FIG. 1 is a high-level block diagram illustrating selected aspects of a computing system implemented according to an embodiment of the invention. System 100 includes integrated circuit 110 (e.g., a controller such as a memory controller) coupled with integrated circuits 120 over interconnect 130. In some embodiments, interconnect 130 is composed of a number of byte lanes 132. A byte lane refers to an 8-bit portion of a channel that may be greater than 8 bits in width (e.g., an 8-bit portion of a 64-bit memory channel).
It is to be appreciated that the routing lengths for each byte lane may vary based on a number of factors. For example, the routing lengths may vary for each different form factor using system 100. The impedance of each byte lane varies as a function of the length of the byte lane. A preferred termination value (RTT) for each integrated circuit 120 may depend, in part, on the impedance of the byte lane.

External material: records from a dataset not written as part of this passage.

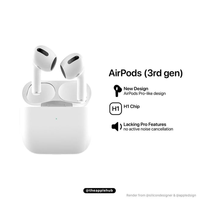 Základní sluchátka AirPods třetí generace prý také čeká změna. První informace z roku 2020 naznačovaly, že design bude vycházet z AirPods Pro, ovšem bez vyměnitelných gumových koncovek sluchátek.
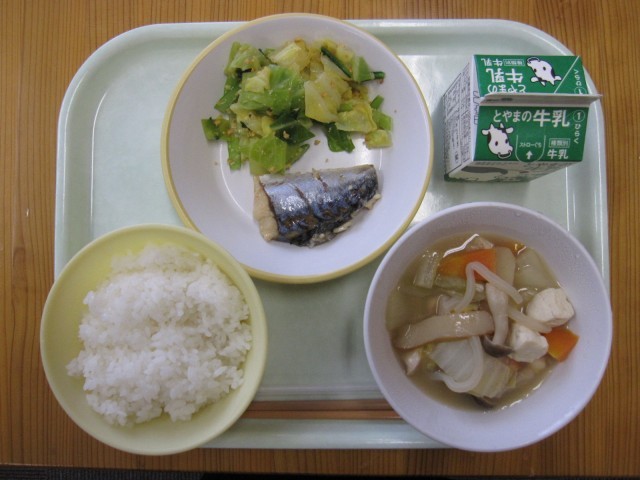 今日の給食は、ごはん、牛乳、鯖の味噌煮、いり大豆和え、ちゃんこ鍋です。
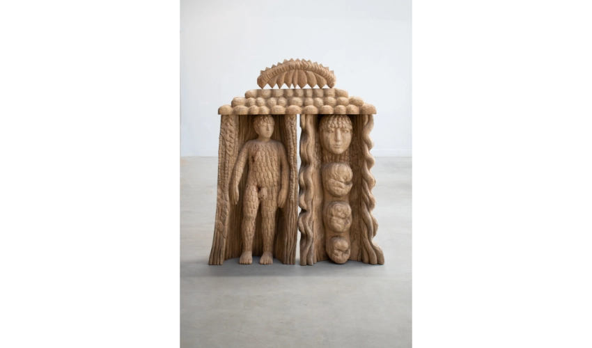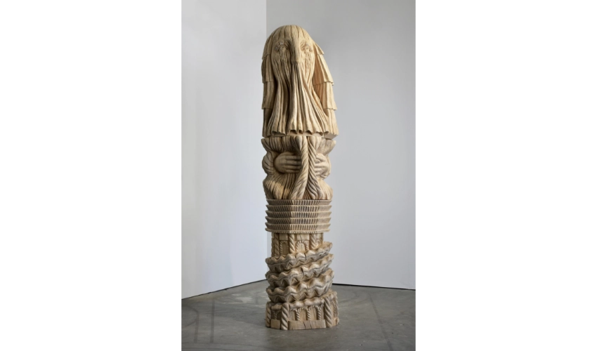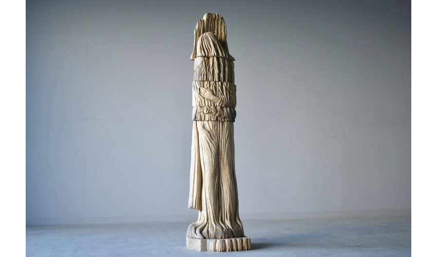 「木を彫り、分断し、積み重ねる」という行為の連続性から生まれる物語をテーマとして、人や架空の生き物を制作。木を彫ることを弔いと再生の行為のように考え、アニミズムをはらんだモニュメンタルな造形は、原始の世界から現代まで続く人の姿を表している。北海道の木彫り文化や民芸品の研究を通して、木彫の新たな表現を探している。

Integrated circuit 110 includes, inter alia, ODT control logic 112. In some embodiments, ODT control logic 112 is capable of individually controlling the ODT value for each byte lane 132 (and, correspondingly, for each integrated circuit 120). This enables ODT control logic 112 to enhance the performance of a high speed interconnect (e.g., interconnect 130) even if the lengths of byte lanes 132 are different, for example, for each form factor. Selected aspects of ODT control logic and per byte lane termination are further discussed below, with reference to FIGS. 2-8. For ease of discussion, embodiments of the invention are discussed with reference to a memory system. It is to be appreciated, however, that embodiments of the invention are not limited to memory systems.
FIG. 2 is a high-level block diagram illustrating selected aspects of a computing system implemented according to an embodiment of the invention. Computing system 200 includes controller 202 and two memory channels 204. Controller 202 may be any type of controller suitable for controlling, at least in part, the transfer of information between a processor (not shown) and one or more integrated circuits (e.g., memory devices). In some embodiments, controller 202 is a memory controller. Controller 202 includes on-die termination (ODT) control logic 206. As is further described below, in an embodiment, ODT control logic 206 determines one or more appropriate ODT values for at least some of the integrated circuits in system 200.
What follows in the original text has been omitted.